Struck (Enterotoxemia Type C)

Struck (Enterotoxemia Type C)

Struck (Enterotoxemia Type C) is a sporadic disease occurs in orphan lambs especially reared on milk replacer.

Struck (Enterotoxemia Type C) is the one of the more commonly encountered types of C. perfringens. It is virulent in calves less than 10 days old.

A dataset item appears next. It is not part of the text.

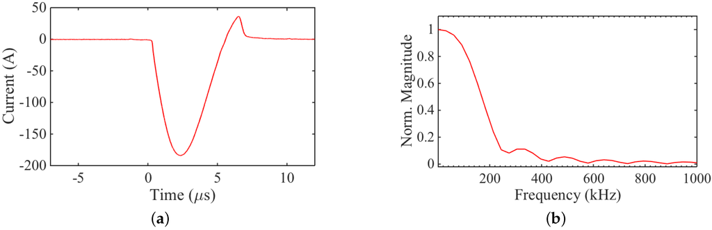 (a) Excitation current pulse over a small resistance (100 mΩ) in series with the transducer coil; and (b) frequency content of the excitation pulse.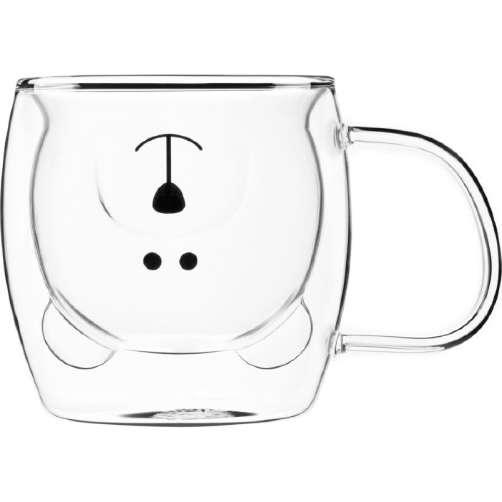 Набір чашок з подвійними стінками та ручками. До набору входять дві чашки об’ємом по 250 мл. Чашки виготовлено з термостійкого боросилікатного скла.

The disease is characterised by bloody diarrhoea but calves even die before this stage.

Etiology

  • C. perfringens isolates are categorised in to type A-E as based on their ability to produce alpha, beta, epsilon, and Iota toxins.
  • These toxins are important to exert their effect in developing pathogenesis.
  • It is caused by Clostridum perfringens Type – C produces beta and alpha toxin.
  • Clostridium perfringen is a Gram-positive, spore-forming, anaerobic bacteria.
Enterotoxemia Types (causing bacteria types) (A, B, C, D and E)

Epidemiology

Prevalence of infection

  • Prevalent in cold weather.
  • Lamb dysentery reaches 20-30%
  • In an outbreak disease initially affects 1-4 days old lambs and the clinical course is very short.
  • During the lambing period disease incidence increase.
  • The cases fatality rate approaches 100%

Predisposing factors

  • Gross contamination.
  • In lambs, goats due to close stocking in shed.

Sources of infection

  • Poor quality feed facilitate infection.
  • Feeding of milk in excess.

Transmission

  • Ingestion of infected feed and water.
  • Close contact with infected animals.

Host Affected

  • Upto 2-3 weeks age groups of lambs and calves are affected.
  • Sporadic disease occurs in orphan lambs reared on milk replacer.
  • Piglets up to 7 days are most commonly affected.
  • Foals and calves  are susceptible for type C

Necrotic enteritis of pigs: Important disease in piglets, particularly in intensive pig units. Organism is recoverable from the skin of sows and faces.

Pathogenesis

  • Organism occurs as normal intestinal flora or any dietary changes significantly causes pathogenesis.
  • Poor quality of feed facilitates abomasal and small intestinal multiplication of organism with resulting mucosal necrosis.
  • Fluid accumulation in peritoneum and thoracic cavity and leading to toxaemia, enteric lesions, dysentery, diarrhoea, often absent.
  • Beta toxin affects central nervous system.
  • Organism proliferates and attaches to the epithelial cells of the intestinal villi but toxin production and mucosal damage precede the attachment.
  • Alpha toxin: It is a lethal toxin, produced in varying amounts by isolates. It is a phospholipase which hydrolysis the membrane phospholipids in RBC, platelets, leucocytes and endothelial cells, results in cell lysis or often develops cytotoxicity.
  • Beta toxin: It causes increased vascular permeability and may facilitate the uptake of toxins from intestine. It is a necrotising toxin, initially produces damage to microvilli, degeneration of mitochondria with external distinction and desquamation of the intestinal epithelial cells. Which also develops haemorrhagic enteritis and ulceration of the intestinal mucous membrane. Beta toxin is highly sensitive to inactivation by trypsin which is a component of normal pancreatic proteases.
  • Colostrum contains trypsin which inhibits organism in affected young animals. In the absence of trypsin the organism multiply within the intestine and colonisation of organism in the intestine of young animals.

Clinical Signs

Haemorrhagic enteritis, ulceration of intestinal mucosa , diarrhoea, dysentery in young sheep, lambs, goats, calves, pigs, foals along with beta 2 toxin.

High fatality rate, rapid course, haemorrhagic diarrhoea, abdominal pain, and toxaemia.

Diagnosis

  • Frequently the organism is isolated from systemic faeces of new born lambs and kids with haemorrhagic enteritis.
  • Identification of organism
  • Sample collection: 20-30 ml frozen intestinal contents. Air dried smears of mucosal surface from several levels of small intestine, ileum, jejunum, segments of several organs.
  • Demonstration of toxin.

Differential Diagnosis

  • Rota viral enteritis
  • Coronal viral enteritis
  • Parvo viral enteritis
  • Other enterotoxemic infection (Type A, Type B)

Treatment

  • Fluid therapy and supportive treatment.
  • Hyper immune serum is a specific therapy.
  • Oral and parenteral administration of penicillin prevent further proliferation of organism.
  • In the subacute and chronic case, antitoxin along with Tetracycline orally at the rate of 11 to 22 mg/kg  body weight will usually effective.
  • Supha group of drugs as injection or tablets may be given.
  • Sometimes sulpha drugs in combination with trimethoprim can be tried.

Prevention

  • Prophylactic vaccine

Control

  • Fluid therapy
  • Administration of hyper immune serum.
  • Oral or parenteral administration of Penicillin to prevent further proliferation of organism.